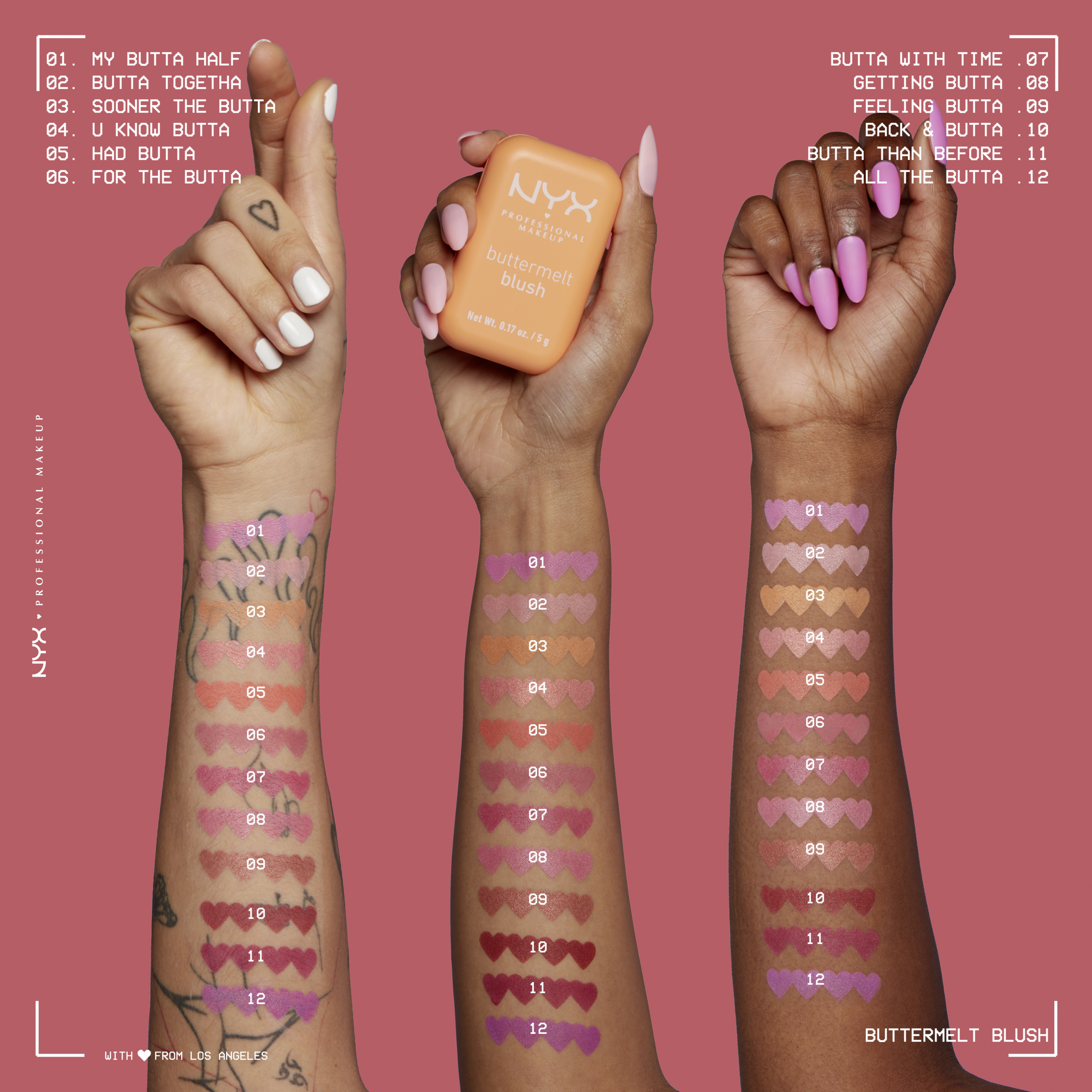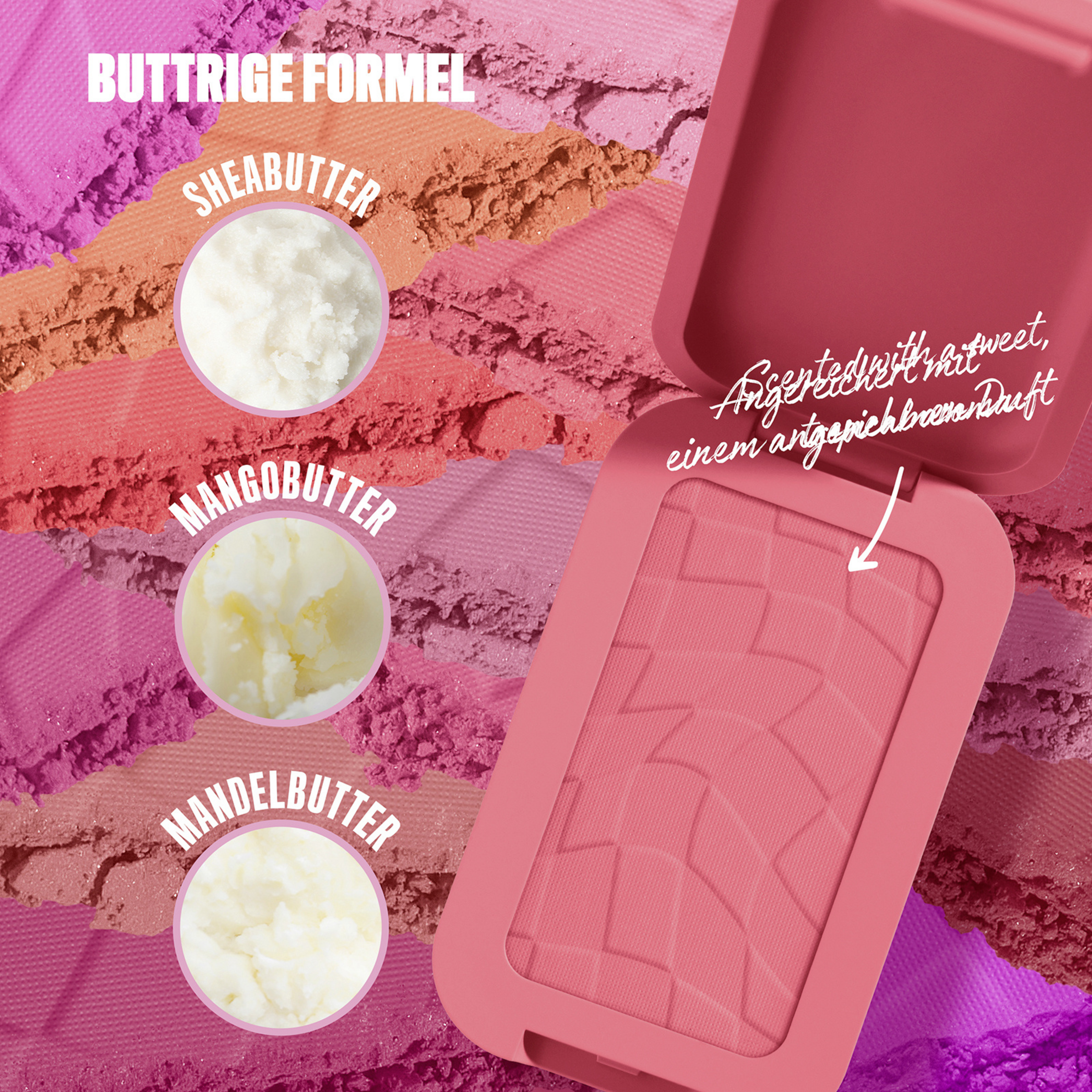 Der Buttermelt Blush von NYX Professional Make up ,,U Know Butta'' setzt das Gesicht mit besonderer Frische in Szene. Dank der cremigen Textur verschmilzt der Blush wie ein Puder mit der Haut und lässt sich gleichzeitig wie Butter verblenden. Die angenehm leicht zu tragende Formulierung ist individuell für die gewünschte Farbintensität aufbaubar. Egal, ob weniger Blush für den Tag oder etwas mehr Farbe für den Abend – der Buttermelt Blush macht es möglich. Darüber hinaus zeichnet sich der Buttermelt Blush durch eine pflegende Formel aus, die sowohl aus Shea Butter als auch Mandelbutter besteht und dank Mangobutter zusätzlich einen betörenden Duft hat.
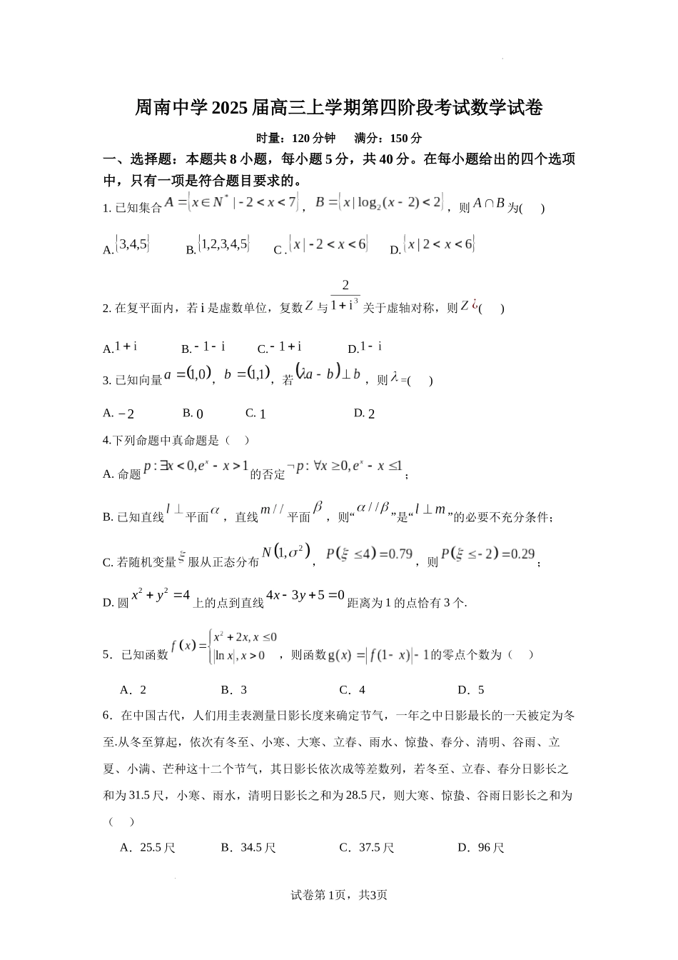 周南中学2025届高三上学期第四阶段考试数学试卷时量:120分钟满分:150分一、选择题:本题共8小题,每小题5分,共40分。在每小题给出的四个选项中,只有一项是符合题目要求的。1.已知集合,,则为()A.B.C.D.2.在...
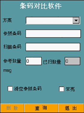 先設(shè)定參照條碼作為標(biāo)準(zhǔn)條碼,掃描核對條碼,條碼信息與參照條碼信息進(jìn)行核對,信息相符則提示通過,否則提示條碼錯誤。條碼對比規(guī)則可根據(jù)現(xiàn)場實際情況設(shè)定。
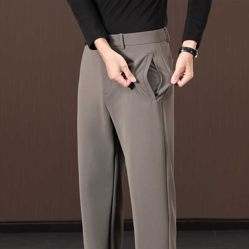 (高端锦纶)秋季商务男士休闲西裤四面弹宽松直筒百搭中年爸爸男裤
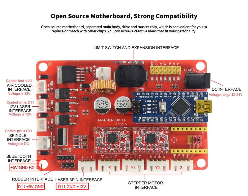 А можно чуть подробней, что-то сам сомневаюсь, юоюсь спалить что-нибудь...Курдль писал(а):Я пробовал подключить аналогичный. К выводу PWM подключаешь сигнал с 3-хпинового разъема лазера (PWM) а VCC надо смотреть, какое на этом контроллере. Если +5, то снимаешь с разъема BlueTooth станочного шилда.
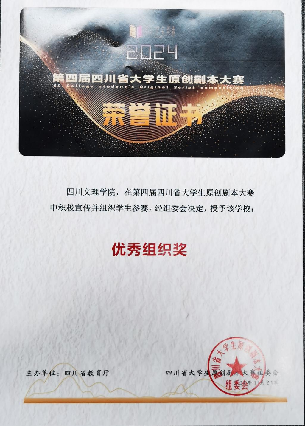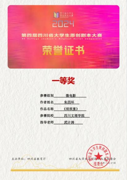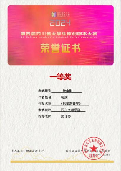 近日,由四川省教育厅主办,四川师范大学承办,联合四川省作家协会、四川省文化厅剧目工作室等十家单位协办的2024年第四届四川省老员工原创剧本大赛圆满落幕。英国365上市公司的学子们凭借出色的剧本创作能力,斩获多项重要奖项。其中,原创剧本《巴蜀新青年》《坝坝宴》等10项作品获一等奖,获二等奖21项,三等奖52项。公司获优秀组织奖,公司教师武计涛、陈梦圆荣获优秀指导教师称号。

---

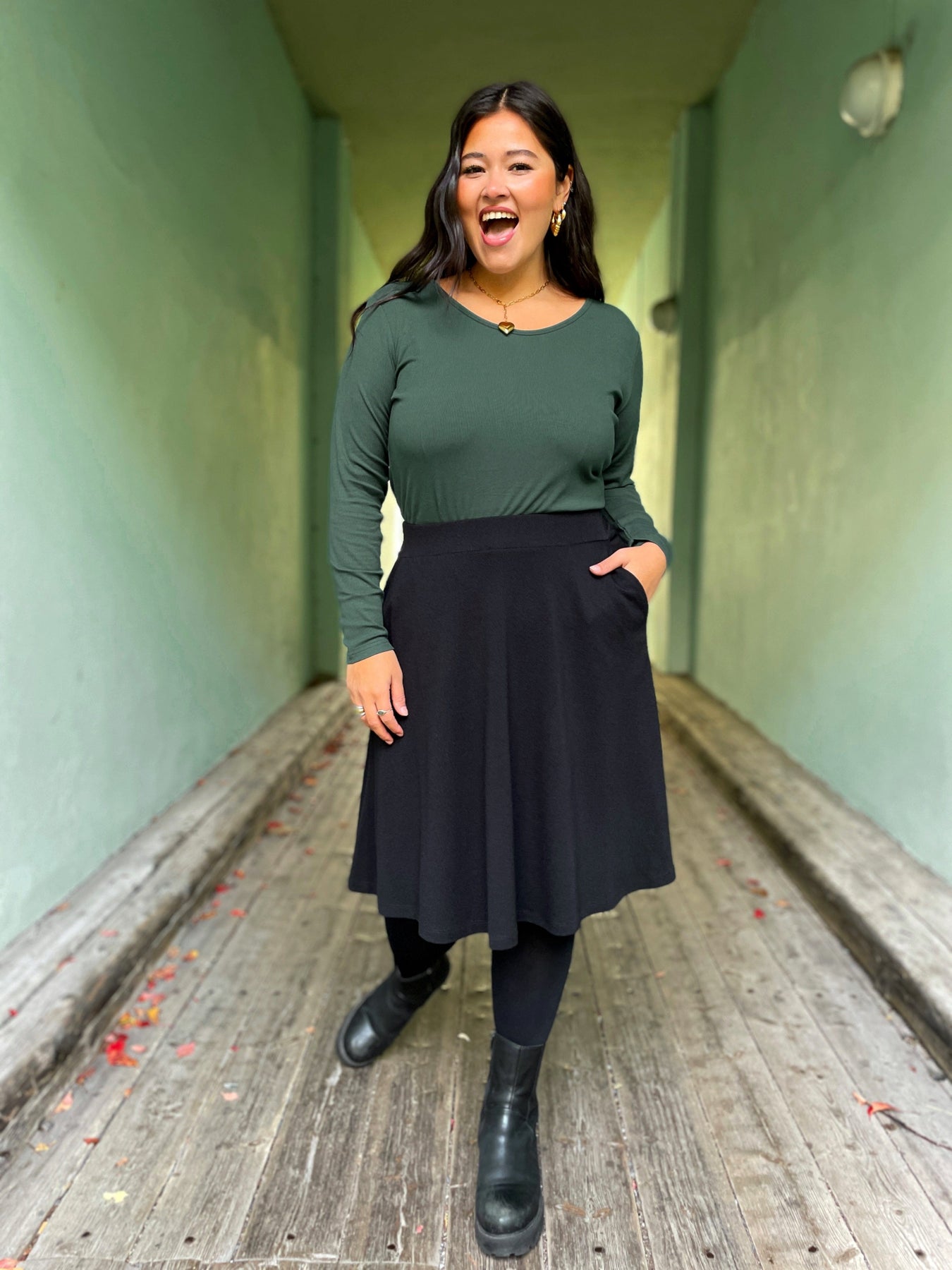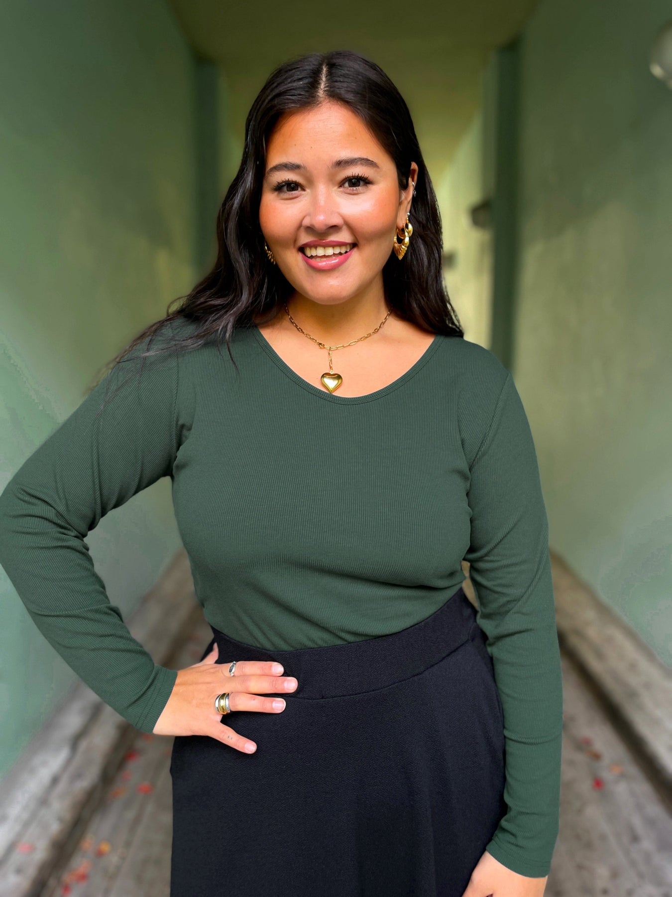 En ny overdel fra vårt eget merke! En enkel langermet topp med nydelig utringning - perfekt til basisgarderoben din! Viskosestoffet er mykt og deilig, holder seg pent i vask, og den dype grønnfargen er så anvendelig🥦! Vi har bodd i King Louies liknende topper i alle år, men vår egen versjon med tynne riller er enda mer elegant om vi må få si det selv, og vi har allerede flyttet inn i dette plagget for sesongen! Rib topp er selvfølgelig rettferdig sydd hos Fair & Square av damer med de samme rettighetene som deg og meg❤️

• Description of the task:
Above, find the line with "先設(shè)定參照條碼作為"; copy it and every line down to the line with "近日,由四川省教育厅主办,四", exactly and both included, but no pictures.

• Response to this exercise:
 先設(shè)定參照條碼作為標(biāo)準(zhǔn)條碼,掃描核對條碼,條碼信息與參照條碼信息進(jìn)行核對,信息相符則提示通過,否則提示條碼錯誤。條碼對比規(guī)則可根據(jù)現(xiàn)場實際情況設(shè)定。
 (高端锦纶)秋季商务男士休闲西裤四面弹宽松直筒百搭中年爸爸男裤
 А можно чуть подробней, что-то сам сомневаюсь, юоюсь спалить что-нибудь...Курдль писал(а):Я пробовал подключить аналогичный. К выводу PWM подключаешь сигнал с 3-хпинового разъема лазера (PWM) а VCC надо смотреть, какое на этом контроллере. Если +5, то снимаешь с разъема BlueTooth станочного шилда.
 近日,由四川省教育厅主办,四川师范大学承办,联合四川省作家协会、四川省文化厅剧目工作室等十家单位协办的2024年第四届四川省老员工原创剧本大赛圆满落幕。英国365上市公司的学子们凭借出色的剧本创作能力,斩获多项重要奖项。其中,原创剧本《巴蜀新青年》《坝坝宴》等10项作品获一等奖,获二等奖21项,三等奖52项。公司获优秀组织奖,公司教师武计涛、陈梦圆荣获优秀指导教师称号。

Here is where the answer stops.